The interview also featured Phanthira Vergara, a member of the SSF’s investment board, who called for reforms.

She says the SSF has “longstanding structural issues, including limited diversification and bureaucratic decision-making”, and that countries such as Japan, South Korea and Malaysia have “long implemented reforms that Thailand has yet to address”.

She says returns on some portions of the SSF’s portfolio have been so low they can barely be called investments, and that the fund must seek higher returns to deal with global shocks as well as the demands of an ageing population.

“We have the potential to be the next Malaysian or South Korean pension fund in Asia if we are able to fix our problems,” according to Phanthira.

She points out that the SSF’s portfolio remains heavily concentrated in Thailand, leaving it exposed to domestic market fluctuations. Some 60% of the fund’s investments are in domestic assets and 40% in foreign markets.

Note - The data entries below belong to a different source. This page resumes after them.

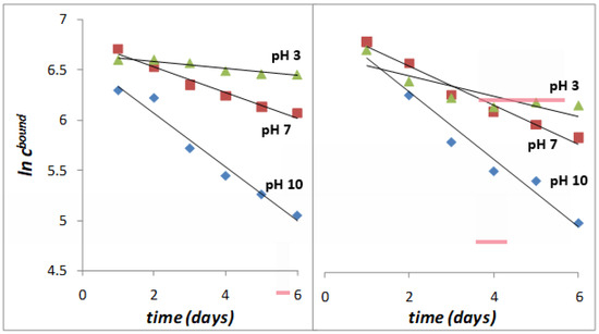 The kinetic constants for the various systems at different pH values were obtained from the slopes of the plots shown in Figure 10, as indicated by Equation (9). These values are presented in Table 1. The exponential decay observed in the release profiles confirms that the hydrolysis of the copolymer conjugates follows first-order kinetics. It can be seen in Figure 8 the evolution of ln c bound-day with time during the first 6 days.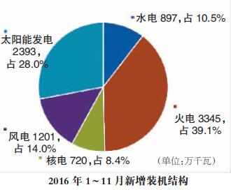 受煤電政策、環(huán)境約束等因素影響,2016年1~11月,全國新增裝機規(guī)模同比下降了5.4%,為8557萬千瓦。其中,火電新增裝機同比下降了30%,非化石能源新增裝機同比增長21%,比重進一步提升至60.9%,創(chuàng)下歷史新高。預計全年新增裝機規(guī)模將達到1.3億千瓦,同比下降1.7%。其中,非化石能源新增裝機比重為61.1%。期末總裝機容量達到16.5億千瓦,同比增長8.5%,非化石能源裝機比重達到36.2%,較2015年提高了2.1個百分點。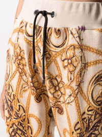 baroque-jacquard fleece sweatpants beige/gold cotton baroque-intarsia knit drawstring waist tapered leg ribbed cuffs Made in Italy Composition Cotton 100% SIZE & FIT Model measurements Height 5 ft 10 in(1.79 m) Bust/Chest 33.07 in(84 cm) Hips 35.82 in(91 cm) Waist 24.01 in(61 cm) FittingInformation This piece fits true to size. We recommend you get your regular size Designed to be loose over the leg with a fitted waist and hem Made with a mid-weight fabric Washing instructions Hand Wash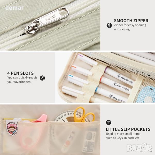 Този уникален моливник има двоен достъп с горен цип и преден капак, оборудван с четири слота за лесен достъп до любимите ви химикалки. Включва и удобна странична дръжка за удобно носене. Изработен от издръжлив, цветен материал, който е щадящ кожата и без химически миризми, този моливник има специално обработени шевове, за да се гарантира, че е безопасен и удобен за използване от деца. С размери от 8,7 x 3,5 x 4,3 инча, той може да побере 80-100 химикалки, както и други основни неща като козметика, калкулатори, транспортири и лепящи се бележки. Два допълнителни малки джоба удобно съхраняват предмети като тиксо, ключове и гуми. Идеален за училище, вкъщи или пътуване, този моливник е страхотен подарък както за момичета, така и за момчета, перфектен за рожден ден, Коледа или друг специален повод, помагайки на децата да останат организирани и да изразят своята личност.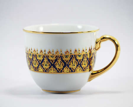 Thai porcelain teacup with gold rim and floral patterns on white background, perfect for heritage, tea culture, and design mockups.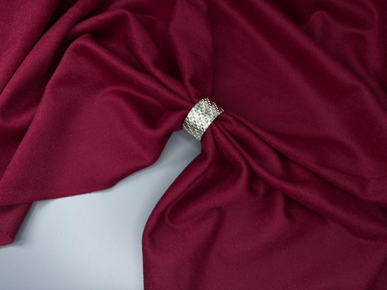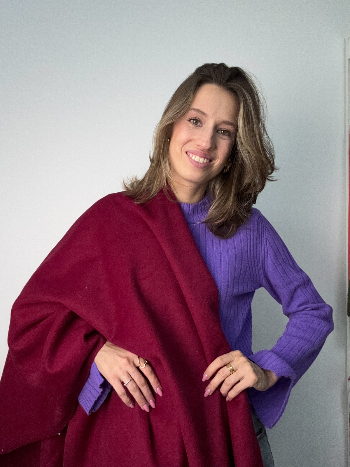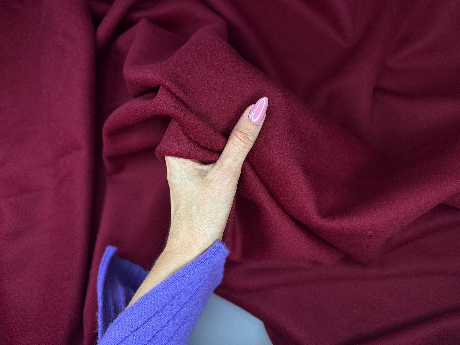 Пальтовая ткань цвет Винный из 100% шерсти. Плотность 450 гр и ширина 140 см. Лицевая сторона с минимальным ворсом, изнанка шероховатая и требует подкладки. Закладывается в мягкие пластичные складки. Малая эластичность. Производство Италия.
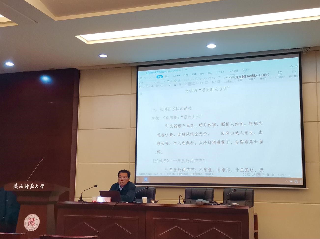 (通讯员:杨玉峰)11月27日下午,中南民族大学赵辉教授莅临公司,为全院师生做了题为“文学的‘限定时空言说’”讲座。讲座由柏俊才教授主持,bv伟德相关专业博士、硕士研究生参加。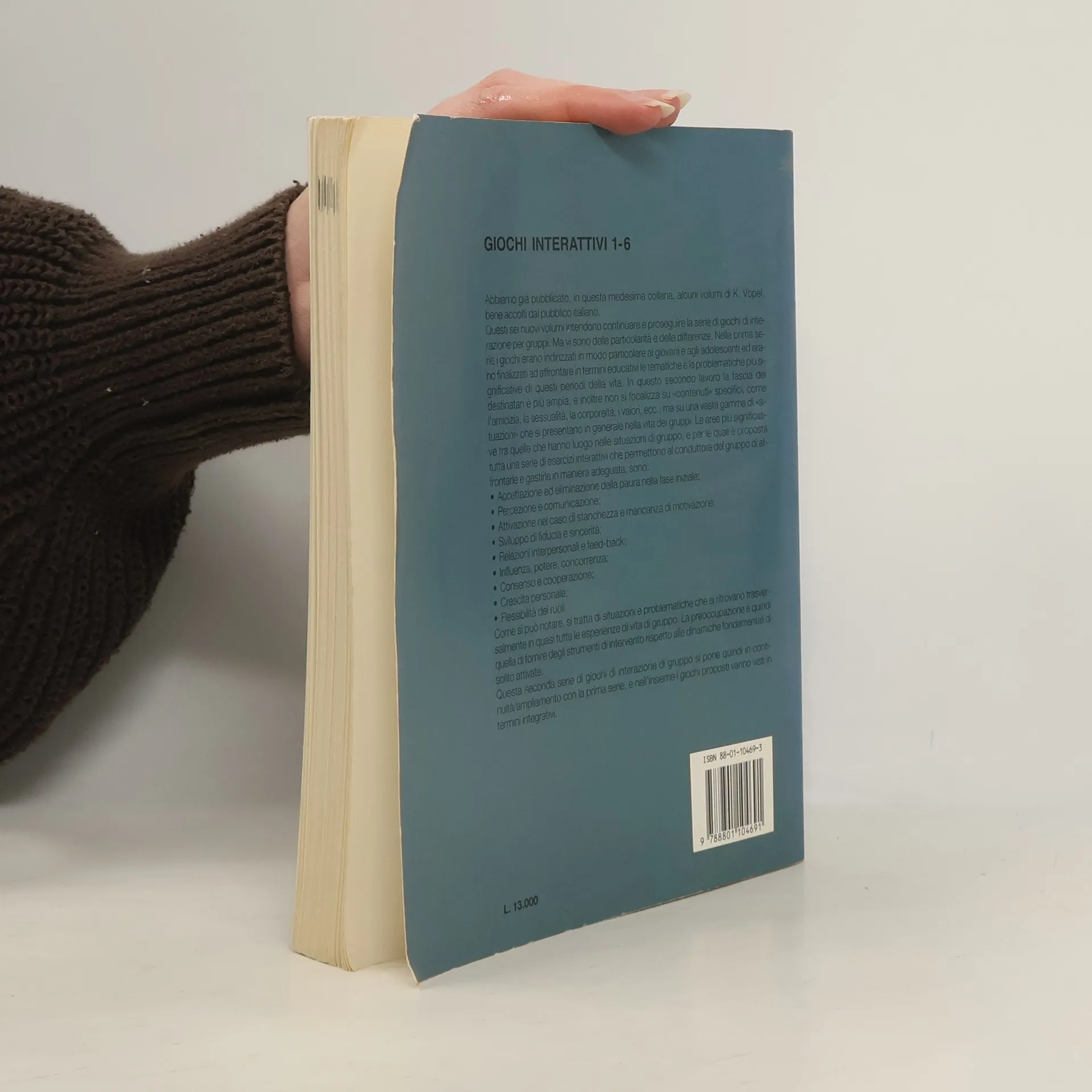 I giochi psicologici "di interazione" offrono nuove modalità di lavoro e intervento nel gruppo, per una piena utilizzazione delle sue potenzialità. I temi sviluppati da questo e dagli altri volumi dell'opera accettazione ed eliminazione della paura nella fase iniziale; percezione e comunicazione; attivazione nel caso di stanchezza e mancanza di motivazione; sviluppo di fiducia e sincerità; relazioni interpersonali e feed-back; influenza, potere, concorrenza; consenso e cooperazione; crescita personale; flessibilità dei ruoli.

“When Thai markets perform well, they still tend to underperform global assets,” she says. “Without broader global diversification, we miss opportunities compared with other pension funds.”

According to Sustarum, the fund’s structure as a government agency under the labour ministry also restricts its ability to respond quickly to global shocks like the war in the Middle East.

“In other pension funds, there would be a process to inform the public about how the fund is managing the volatility,” hesays. “But for us, it is a closed system that lacks flexibility and transparency.”

Spokespersons for the SSF did not immediately respond to questions from Asia Asset Management.